Demora em análise de cotas teria motivado divulgação errada de aprovados no Sisu

As primeiras listas de aprovados do Sistema de Seleção Unificada (Sisu), divulgadas na última terça-feira (30 de janeiro), estavam erradas porque o processamento da análise de critérios de cotas ainda não havia sido finalizado pelo Ministério da Educação. A informação é do “G1″.

As informações ficaram no ar por cerca de 25 minutos, tempo suficiente para que estudantes de todo o país acreditassem que haviam conquistado uma vaga no ensino superior.

No dia seguinte, quarta (31), os resultados definitivos e corretos foram divulgados. Parte dos candidatos que já haviam comemorado a aprovação descobriram que, naquele momento, estavam fora da lista de classificados.

Na sexta (2), à Itatiaia, o MEC admitiu que o Sisu teve uma “divulgação indevida de resultados provisórios”. O ministério afirmou ainda que “a ocorrência está sendo rigorosamente apurada”.

A nova lei de cotas, revisada pelo Congresso Nacional e aprovada pelo presidente Luiz Inácio Lula da Silva (PT) em novembro, foi adotada para a edição deste ano do Sisu.

Com a atualização, a norma passou a garantir a reserva de vagas também para estudantes quilombolas, direito antes concedido apenas a negros, indígenas, pessoas com deficiência e alunos da rede pública na classificação de baixa renda. A revisão da legislação também determinou que os cotistas em situação de vulnerabilidade têm prioridade para receber o auxílio estudantil.

Outra regra incluída na lei reformulada no ano passado é a redução da renda máxima do estudante da rede pública que quer ser incluído na política de cotas.
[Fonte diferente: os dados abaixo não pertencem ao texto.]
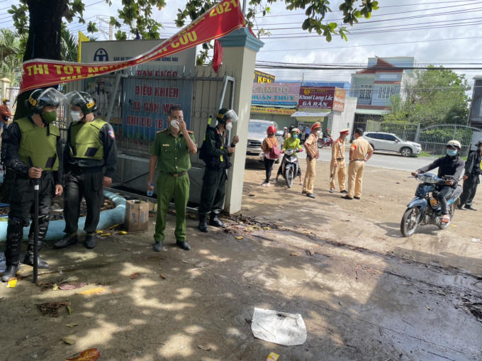 Lực lượng chức năng có mặt tại UBND xã Thạnh Phú, hỗ trợ công tác đưa công nhân về quê.
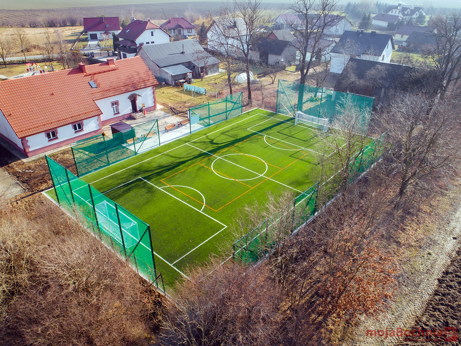 Boisko wielofunkcyjne o nawierzchni ze sztucznej trawy powstało na istniejącym boisku trawiastym w miejscowości Ostrów Szlachecki.

Antes, eram considerados aptos aqueles alunos de escola pública com renda familiar per capita de um salário mínimo e meio. Agora, metade das vagas reservadas à política de cotas será destinada aos estudantes com renda familiar de até um salário mínimo por pessoa.

Explicações
O senador Alessandro Vieira (MDB/SE) protocolou requerimentos de convocação do ministro da Educação, Camilo Santana, e da secretária de Ensino Superior do MEC, Denise Pires, para que prestem esclarecimentos sobre os problemas ocorridos no processo de divulgação dos resultados do Sisu.
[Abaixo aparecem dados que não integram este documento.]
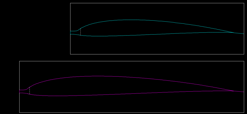 Profil SD7037 u nasady i SD7032 na końcówce. Cięciwy 210/160 mm. Zarys skrzydła:
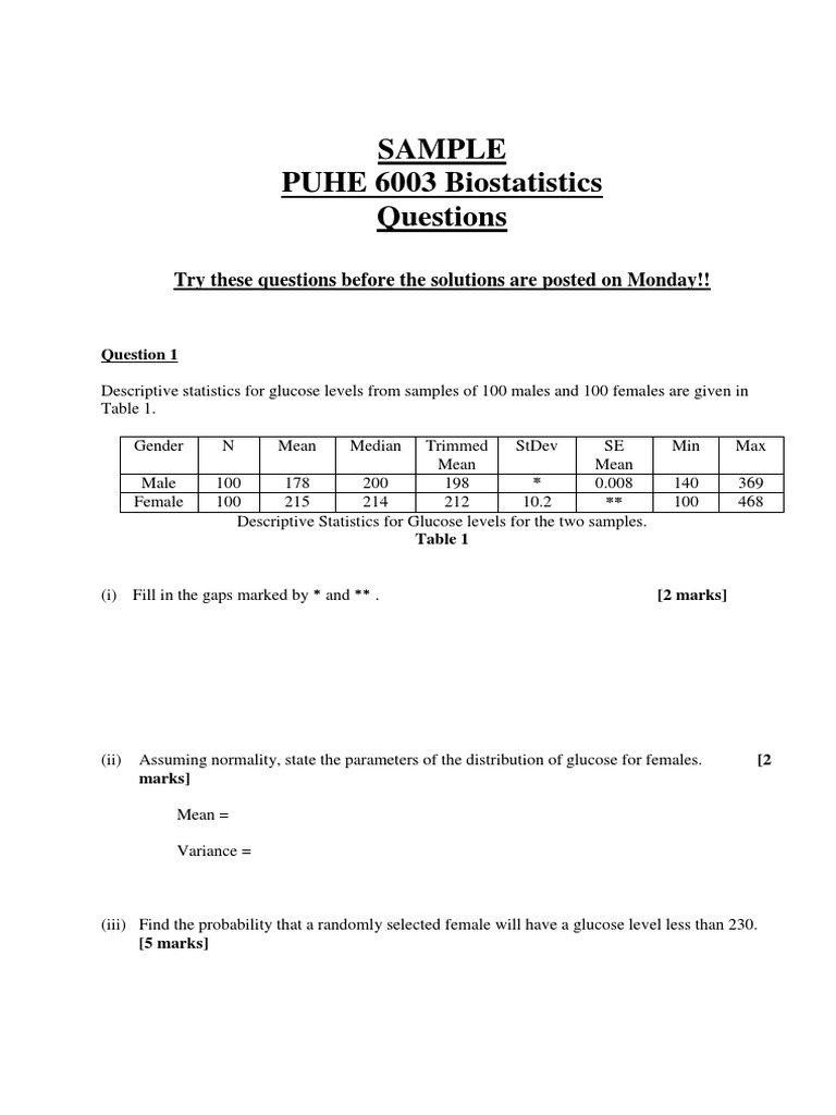 (ii) Assuming normality, state the parameters of the distribution of glucose for females. [2

“Neste ano, mais uma vez, os candidatos foram acometidos por intercorrências no sistema do MEC no resultado do Sisu, programado para o dia 30 de janeiro. Alguns candidatos conseguiram visualizar seus resultados, outros não conseguiram acessar o sistema e a instabilidade permaneceu durante todo o dia, sem maiores explicações”, destaca o parlamentar.